If you or your clients use email templates, this is a good time to give them a check and add img { display: block; } if necessary. You might want to run them through our design and spam tests, just to be certain. By adding this to your styles, you will be hitting two birds with one stone by preventing image rendering glitches in both Hotmail/Firefox and Gmail.
Many thanks to the folks on the forums who wrote in about this. Let us know in the comments below if this has affected you, or you’ve come across a similar quirk elsewhere… And don’t forget to test your campaigns!
14th May
I do believe this might have to do with a switch to HTML5 doctype, as I have come across precisely this problem in other projects.
With an HTML5 doctype, images receive what seems to be the line-height attribute which text normally gets, and thus you get a “margin” underneath them. You can either set them to display:block or line-height:0, although I haven’t tested the latter enough to be sure it’s a good fix.
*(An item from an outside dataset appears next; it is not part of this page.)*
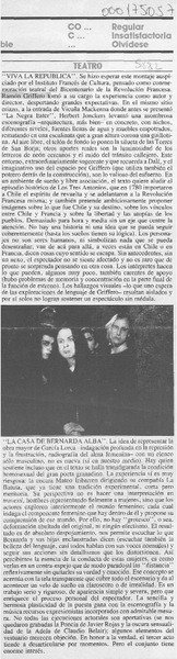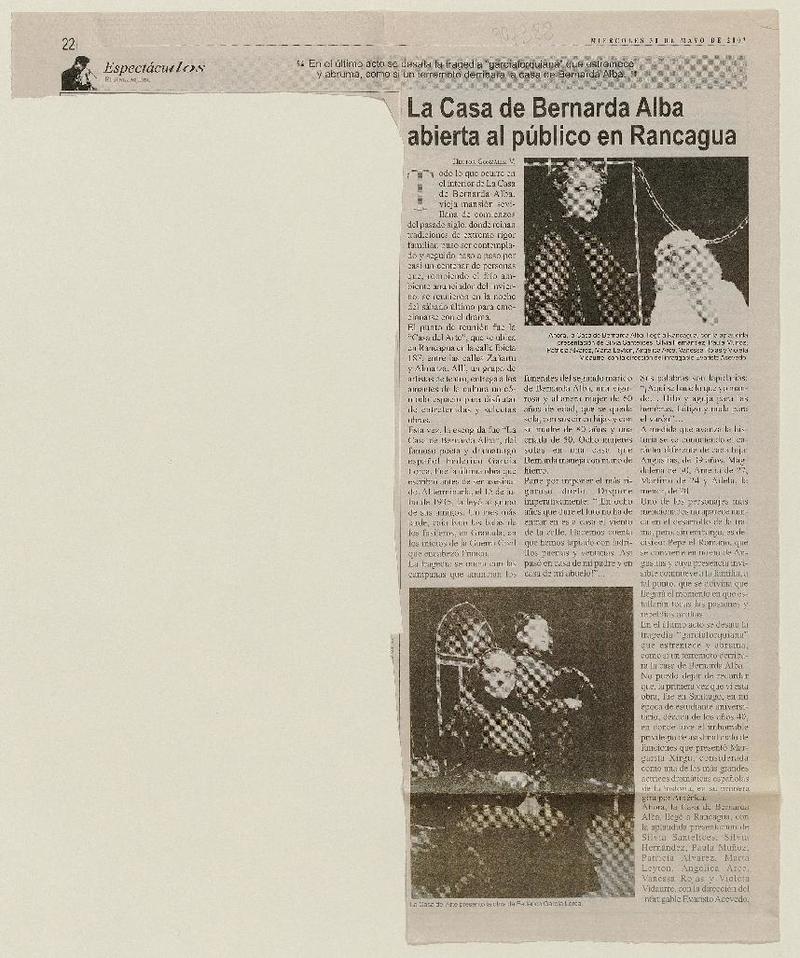 La Casa de Bernarda Alba abieta al público en Rancagua [artículo]Héctor González V.
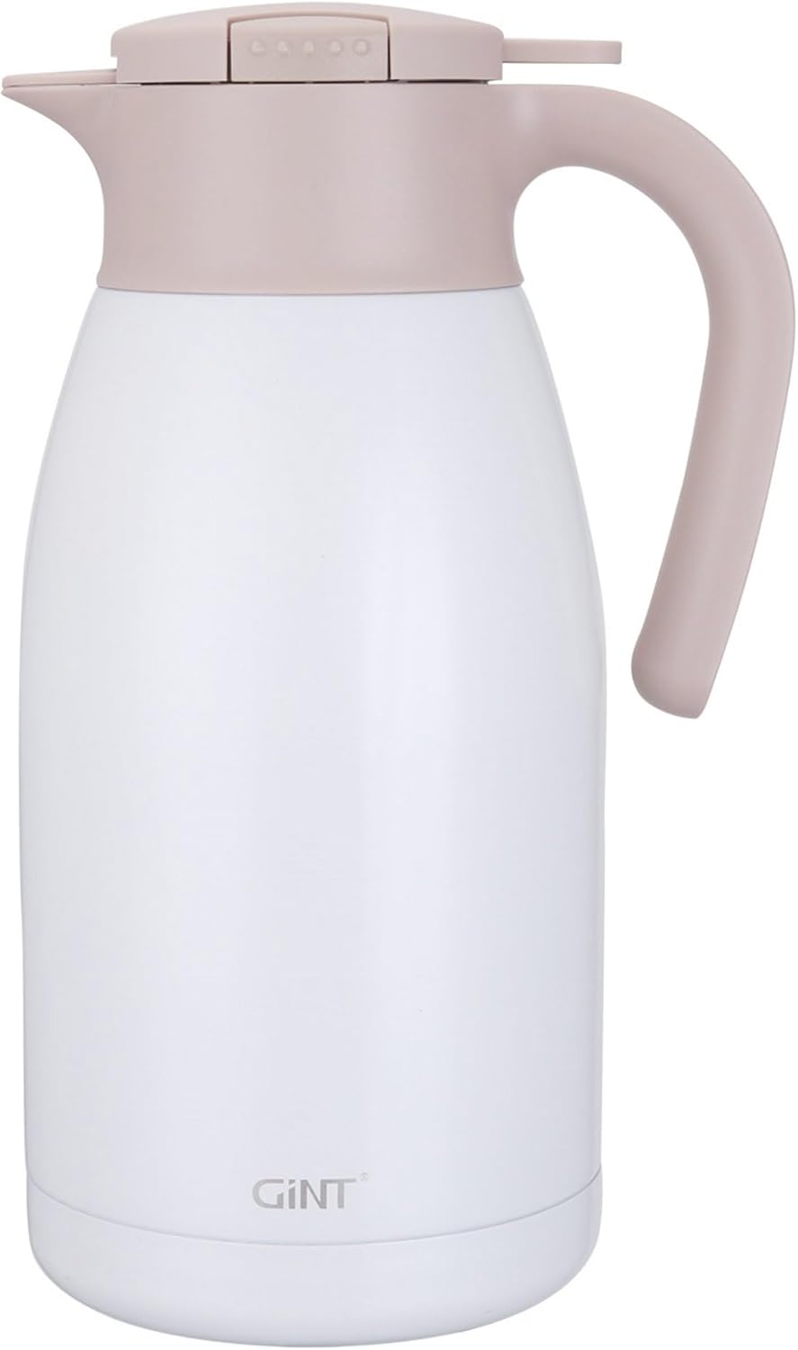 GiNT 1.9L / 64Oz Thermal Coffee Carafe, Insulated Stainless Steel Coffee Carafes for Keeping Hot/Double Walled Vacuum Thermal Carafe (White)

Point being: this has nothing to do with Gmail per se, but rendering of images in HTML5 doctype in general.
14th May
Doesn’t gmail automatically strip out styles anyway?
14th May
@Chris Gmail does strip out your styles that are placed in the <head> tag so it is best to use inline styles as much as possible. Also, you can move the <style> tag and its styles under the <body> tag and Gmail and others can still render the CSS appropriately.
@George I have tried the HTML5 doctype and can say that it does cause rendering issues. As well as using other doctypes as well can cause some rendering differences in regards to <table> and image spacing. I always use <!DOCTYPE HTML PUBLIC “-//W3C//DTD HTML 4.01 Transitional//EN” “http://www.w3.org/TR/html4/loose.dtd”>
14th May
You know what’s really funny - I got an email from microsoft sent to a hotmail address I use to test with..the email they sent is for Windows 7—- they didn’t add display: block to any image.
14th May
Ooops, do this in the <head> and you may find your images don’t look how you want them either. It might break your design. (It did break one of mine.)
14th May
@Jeremy - read the whole article.
14th May
Sweet, thanks for the fix.
Any updates on the “Email Standards Project” by the way ?
Last update on this blog was almost 3 years ago, last update on the email-standards.org blog was 9 months ago. :)
14th May
Of course, adding display:block to ALL your images may also cause unwanted problems. Let’s say you want tous inline images (a drawn arrowhead alongside some text, within an <a> tag, for instance) - adding display:block would cause the image to jump down to the next line. So, in these instances, we have to specify display:inline.
15th May
brilliant, thx for that tip!
18th May
Awesome Thanks!!
This had me running in circles last night .. much appreciated!
18th May
Jan, the last big initiative for the Email Standards Project was our fixoutlook.org campaign. The news that Outlook 2010 will continue to use the Word rendering engine was a big disappointment, but we might try and get more positive results from other email clients in the future.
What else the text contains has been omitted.